After lunch, Abdul prepared to leave. He had a date with a sharp blade and the throats of two goats. He explained that a farm about an hour’s drive offered this service for Muslims in the region. For Eid, its machinery was cleaned under the supervision of an imam. Abdul could select his animals and personally slit their throat, which allowed him adherence to some of the ritual’s finer details: he would make sure his knife’s tip faced Mecca and he would not turn away from the sight of the animal’s blood. I was relieved not to have to witness the slaughtering. Abdul would do it on our behalf.
The resulting meat would be divided into thirds, Abdul told me. Most importantly, one-third of it would be given to a family that lived on a limited income—a transaction arranged informally through the mosque. His family members would eat one portion and they would share the final portion with friends, most likely preparing it themselves and inviting friends over to partake. I learned that while it is important that the slaughter occur on the Eid, the guidelines about consumption are looser and the meat might stay in the freezer for weeks.
Once her father was gone, Salma asked if I would be willing to speak with her privately. We sat together on the sofa in the family room off the kitchen. She said she had waited for her father to leave because she didn’t want to be disrespectful, but she wanted me to know that she did not necessarily agree 100 percent with his interpretation of what it meant to be a faithful Muslim. Take, for example, the practice of women wearing hijab. “My father believes women should wear a scarf any time they leave their own homes,” she told me, “Whereas my mother and I think differently.” She explained that she and her mother interpret the Quran’s passages on the matter more loosely; they read them as referring specifically to Muhammad’s wives whose coverings were a show of discretion around the steady stream of foreign dignitaries and others visiting their house. Salma explained that she and her mom cover their heads while in the mosque but for busy days at the office or school, they opt to leave the hijab at home.
I nodded as Salma spoke. I understood that not all Muslims see eye to eye despite efforts to reach agreement on even the finest points. After Muhammad’s death, his closest companions tried to ensure consistency by recording in writings called hadiths the wisdom the Prophet had imparted through his daily habits and personal opinions. Gathered into a volume called the “Sunnah,” this information serves as a supplement to the Quran and practical guide; it’s also the inspiration for the name “Sunni.”

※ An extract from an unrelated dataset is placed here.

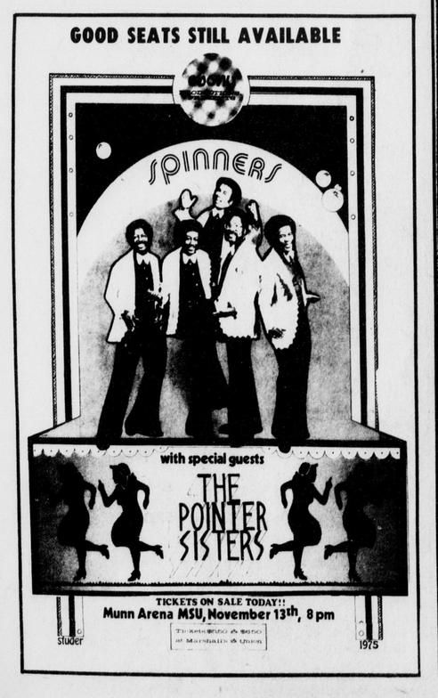 Two more ads for the Spinners and the Pointer Sisters at Michigan State University in East Lansing on November 13, 1975.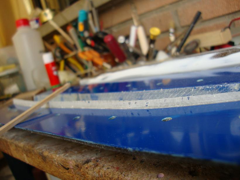 Esta ala la tengo tal como se vé en la foto, es que he estao haciendo otras faenas y no he hecho más que recortar los bordes de la fibra sobrante y poco más.

But even with these sources, many topics were never mentioned by Muhammad or his confidantes—leaving shades of grey on issues as minor as nail polish. My first night at the mosque back home, my Egyptian acquaintance, Mandisa, caught sight of my painted toe nails and explained to me that polish is not allowed in Islam because it acts as a barrier to water during pre-prayer washing. That same night, as I was performing my first-ever communal rakahs, I noticed that the woman next to me had a pedicure. I was confused. In my reading, I had seen nothing about nail polish; I wanted to get it right before unleashing my bare feet at other mosques. One book had mentioned a hotline available in the U.S.—1-800-Fatwa—for obtaining rulings by contemporary experts on topics such as these. I dialed the number, but it was no longer dedicated to this purpose. Instead, I got a recording about a sweepstakes for a free Caribbean cruise. I decided to err on the side of caution and strip my toe nails bare.